Pomacentrus bangladeshius

Scientific classification
- Kingdom: Animalia
- Phylum: Chordata
- Class: Actinopterygii
- Division: Teleostei
- Order: Blenniiformes
- Family: Pomacentridae
- Genus: Pomacentrus
- Species: P. bangladeshius
- Binomial name: Pomacentrus bangladeshius Habib, Islam, Nahar & Neogi, 2020

= Pomacentrus bangladeshius =

- Genus: Pomacentrus
- Species: bangladeshius
- Authority: Habib, Islam, Nahar & Neogi, 2020

Species of fish

Pomacentrus bangladeshius, known as the Bengal demoiselle, is a species of damselfish belonging to the genus Pomacentrus and the family Pomacentridae, found in the Bay of Bengal in Bangladesh.

== Taxonomy ==
Pomacentrus bangladeshius was identified in a study on the biodiversity of fish associated with the corals of Saint Martin's Island. This research was conducted by researchers from Sher-e-Bangla Agricultural University between 2018 and 2019 using DNA barcoding. The species was officially described in 2020 from three specimens.

== Description ==
Pomacentrus bangladeshius has a standard length of 67 to 77 millimeters. It has 14 spines and 13 rays in the dorsal fin, two spines and 14 rays in the anal fin, and 19 rays in the pectoral fin. It has a single, interrupted lateral line with 18 or 19 scales. The body color varies from olive to dark brown, with a dark brown premaxilla. Adults typically have a yellow iris and a bronze ring around the pupil. The maxilla reaches the front of the pupil, the lower jaw is longer than the upper, and the teeth are incisiform to conical.

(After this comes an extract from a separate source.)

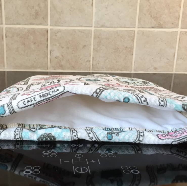 It is made from a 100% cotton outer and lined in white fabric with a layer of polyester wadding in between to keep your coffee nice and hot.
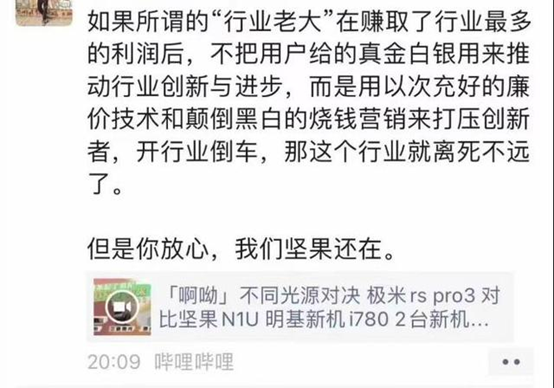 5 月 29 日,一张坚果投影首席产品官王骁逸的朋友圈截图流传开来,王骁逸在朋友圈表示," 如果所谓的‘行业老大’在赚取了行业最多的利润后,不把用户给的真金白银用来推动行业创新与进步,而是用以次充好的廉价技术和颠倒黑白的烧钱营销来打压创新者,开行业倒车,那这个行业就离死不远了。"

The tongue is triangular and positioned far back. Gill rakers are long and cylindrical, and the nostril is rounded, aligned with the lower edge of the pupil. The opercle has a flat spine, and scales extend to the nostrils, with no scales on the preorbital and suborbital areas. An axillary scale is found above the pelvic fin base.

== Habitat and distribution ==
Pomacentrus bangladeshius is a marine fish that inhabits shallow reef flats around rock and coral outcrops. It is only found on Saint Martin's Island in southeastern Bangladesh.